The Central Bank Governor said that the security required for the micro and consumer loans are mostly moveable tangible assets. In the case of the developmental and housing loans, securities that are required are transports and land titles.
According to the Central Bank, the total assets held by the two microfinance institutes amounted to $3,926 million as at the end of June 2014, a 9.3% ($401million) decline from the end of June 2013 level and 2.7% ($108 million) below the end of June 2012 level of $4,034 million. It is projected, however, to improve significantly.
Loans, which represented the largest asset category, accounted for 77.3% of the sector’s total assets at the end of June 2014. The companies reported aggregate loans of $3,036million, a 13.2% ($354 million) increase when compared with the corresponding period in the previous year.

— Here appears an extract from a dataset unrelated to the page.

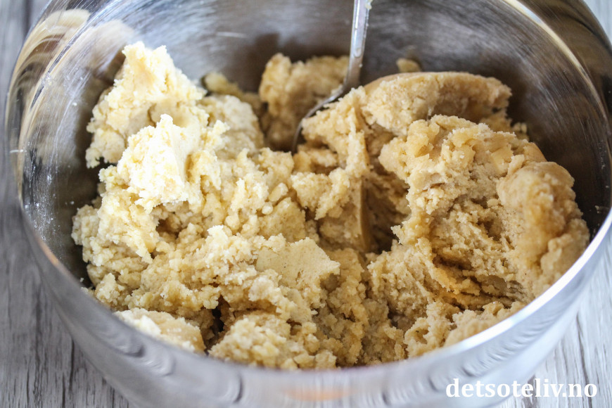 Ha mel, hvitt sukker, brunt sukker og bakepulver i en food processor. Tilsett romtemperert smør og kjør blandingen sammen slik at smøret smuldrer seg fint i det tørre. (Har du ikke en food processor, kan du smuldre smøret i det tørre med fingrene.) Visp egget lett sammen med vaniljeekstrakt og tilsett. Kna mørdeigen raskt sammen.

The Bank of Guyana said that the portfolios of the institutions consisted mainly of microcredit and loans to Small and Medium-sized Enterprises (SMEs), which together accounted for 99.6% of total loans.
It said too that loans to the SMEs totaled $2,644 million, and accounted for 87.1% of the sector’s aggregate loan portfolio, resulting in a 15.1% ($347 million) increase for the same period last year and 2.1% ($53 million) below the June 2012 level.
Loans to the SMEs were 85.7% and 85.8% of total loans as at end of June 2013 and 2012 respectively. Microcredit, the second largest loan category, amounted to $375 million and represented 12.4% of total loans for the review period.
Microcredit loans at the end of June 2014 reflected a 0.6% ($2 million) decline from the June 2013 level. During the review period, the total number of loans granted stood at 3,475 compared with 764 for the corresponding period in 2013. The increase in the number of loans disbursed, contributed to an increase in the number of jobs created. The share of loans to men, women and couples were 60.4%, 38.7% and 0.9% respectively.
Total liabilities of the microfinance sector as at end of June 2014 amounted to $940 million. Borrowings from local financial institutions of $696 million, as at end of June 2014, accounted for 74.1% of total liabilities. Borrowings from local financial institutions to total liabilities were 69.0% and 71.7% as at the end of June 2013 and the end of June 2012 respectively.
Additionally, capital and reserves amounted to $2,986 million at the end of June 2014. Retained earnings and undistributed profits grew by 14.3% and 17.3% respectively when compared with the corresponding period in 2013.
The micro finance sector’s major source of funding was that of interest income, which amounted to $300 million and accounted for 81.9% of total operating income as at the end of June 2014. Further, interest income increased by 38.7% when compared with the corresponding period for 2013. Other income of G$66 million represented 18.1% of operating income as at end of June 2014.
Interest expense and other expenses, which amounted to $17 million and $214million respectively, represented 7.3% and 92.7% of total operating expenses. The net income of the sector amounted to $135 million as at the end of June 2014, an increase of 17.2% when compared with the end of June 2013.